1 - Pediatric Service, Hospital Garcia d’Orta, Almada, Portugal
2 - Hematology Unit, Pediatric Department, Hospital Dona Estefânia, Centro Hospitalar Universitário de Lisboa Central, Lisboa, Portugal
3 - Genetics Service, Pediatric Department, Hospital Dona Estefânia, Centro Hospitalar Universitário de Lisboa Central, Lisboa, Portugal
4 - Reference Center of Inherited Metabolic Diseases, Centro Hospitalar Universitário de Lisboa Central, Lisboa, Portugal

- Poster em 16º Simposio Internacional da Sociedade Portuguesa de Doenças Metabólicas Virtual, 11-13 novembro de 2020

Background: Cobalamin G (CblG) defect is a rare inborn error of intracellular cobalamin metabolism caused by deficiency of methionine synthase (MIM 250940), leading to an impairment in homocysteine to methionine remethylation. Patients usually present in infancy with failure to thrive, feeding problems, developmental delay, muscular hypotonia, cognitive impairment and macrocytic anemia with megaloblastic features.

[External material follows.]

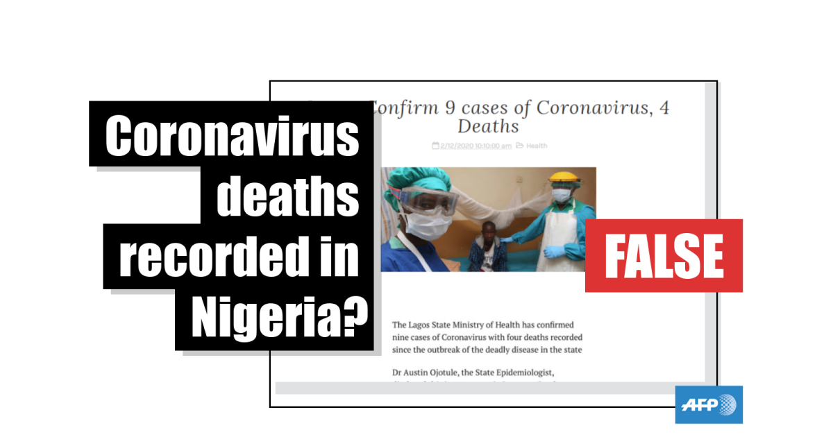 The story alleges a Lagos state epidemiologist called Austin Ojotule confirmed in a statement there had been nine confirmed cases of novel coronavirus, of which four had resulted in deaths.

Case report: We report the case of a 15 month-old-girl, first child of a healthy unrelated couple, with uneventful full-term pregnancy, delivery and neonatal period and exclusively breastfed until 5 months, who presented at 6 months of age with poor weight gain, global developmental delay and hypotonia. Laboratory investigation showed severe arregenerative macrocytic anemia (Hb 5,2 g/dL, MCV 102 fL), moderate neutropenia (610 x10^6) and elevated LDH. Vitamin B12 and folic acid deficiency were excluded. Bone marrow biopsy excluded dyserythropoiesis. Further investigation showed markedly elevated homocysteine (130 µmol/l), low plasma methionine and normal urinary methylmalonic acid, suggesting a CblE/CblG disorder of intracellular cobalamin metabolism. Treatment was started with hydroxocobalamin, betaine, folic acid and L-carnitine There was an excellent hematological and biochemical response and significant improvement on neurocognitive development. Genetic testing (Next-Generation Sequencing panel for genes associated vitamin B12 deficiency) revealed two variants in heterozygosity in the MTR gene: a pathogenic frameshift c.2101del variant and an uncertain clinical significance (missense) c.1228G>A variant supporting CblG deficiency. Parental studies are ongoing
Comments: Cobalamin metabolism defects are a very rare cause of megaloblastic anemia and a high level of suspicion is needed, especially after excluding the main causes, as vitamin B12 and folic acid deficiency. In the presented case the classic triad of hyperhomocysteinemia with normal levels of methylmalonic acid and low levels of methionine strongly suggested the diagnosis, leading to prompt treatment. In previously reported cases early treatment corrects cytological abnormalities, improves biochemical parameters but has limited effect on neurocognitive impairment and ophthalmologic and CNS changes tend to progress despite it. In the presented case a developmental improvement was noted in the beginning, but long term follow-up is required.